What Is SQL Injection (SQLi)?
A SQL injection is a common hacking technique which can compromise a database. By "injecting" an SQL command or code fragment into a legitimate data entry field (like a password field), attackers can use SQL to communicate directly with a database. This works because SQL does not differentiate between the control and data planes.
A successful exploit can trick the database into sharing restricted data, modify data, execute administration operations on the database (like shutting down a DBMS such as Db2), recover the content of a given file present on the DBMS file system, and even issue commands to the operating system.
SQLi is a type of code injection attack.
Protection Against SQLi Attacks
Here are some ways to protect against SQL injection attacks:
- Use parameterized queries, validate user-submitted input, and use stored procedures
- Avoid dynamic SQL
- Block known malicious input
- Sanitize inputs
Limiting the ways that queries are made to the database can close loopholes that attackers use. Stored procedures combat SQL injection attacks by limiting the types of statements that can affect the database.
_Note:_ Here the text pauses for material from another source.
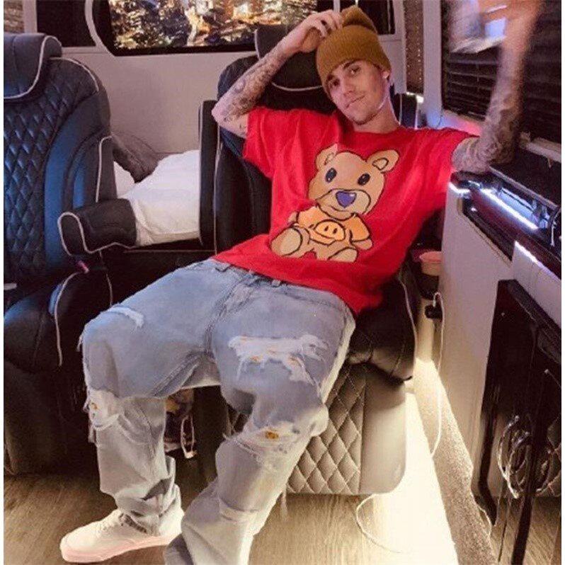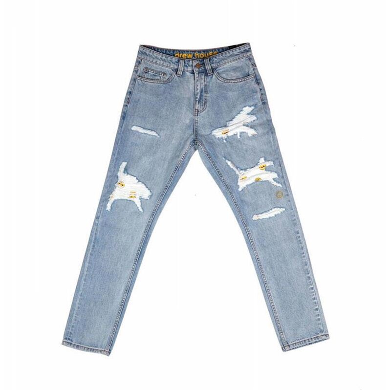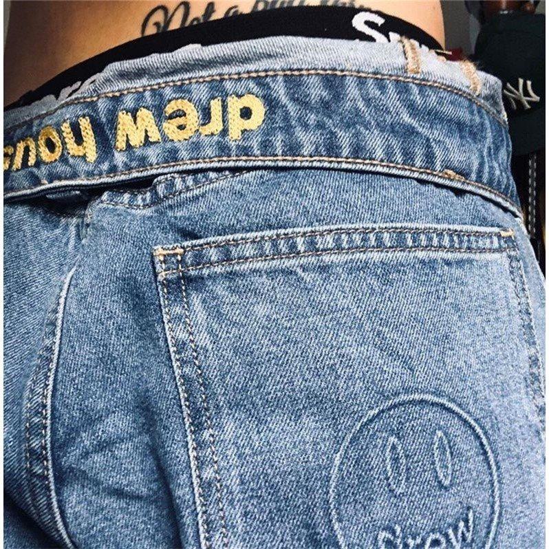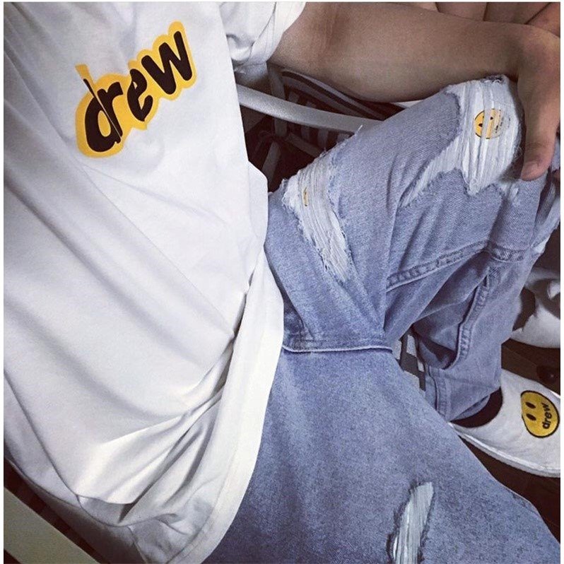 📚 现货比伯同款 drew笑脸破洞牛仔裤情侣宽松休闲贴布高街Ins长裤男

One approach is to enforce strict input validation by only accepting characters from a list of safe values (also known as whitelisting). Another approach rejects any input that matches a list of potentially malicious values (also called blacklisting).
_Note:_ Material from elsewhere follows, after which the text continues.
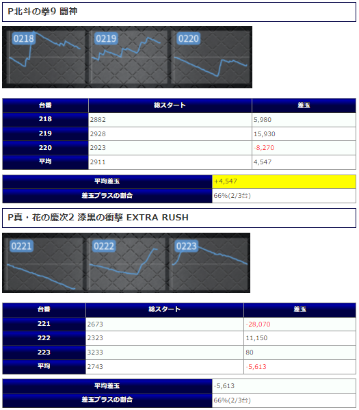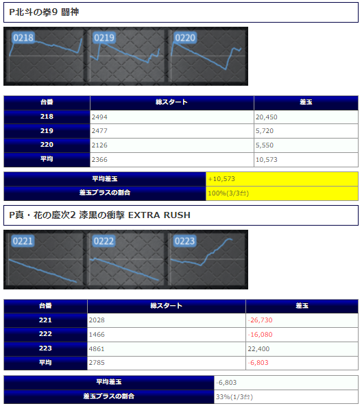 同じく新台の「北斗9闘神」では、平均稼働2,710回転とフル稼働状態で、3台中1台が差+20,600玉と健闘したものの、残り2台が差-27,700玉・差-29,440玉と大きくマイナス差玉を出してしまい悔しい結果となりました。

Blocking everything except approved entries can be very effective, but is difficult to implement and requires continual maintenance. Attempting to block malicious inputs is generally seen as an ineffective technique because there are many ways to fool the filters looking for malicious code. For example, attackers can:
- Use upper and lowercase letters to bypass case-sensitive filters
- Use the escape character to bypass filters
- Use different types of encoding to avoid detection
These are just a few examples of the many methods used to try and bypass these types of defenses.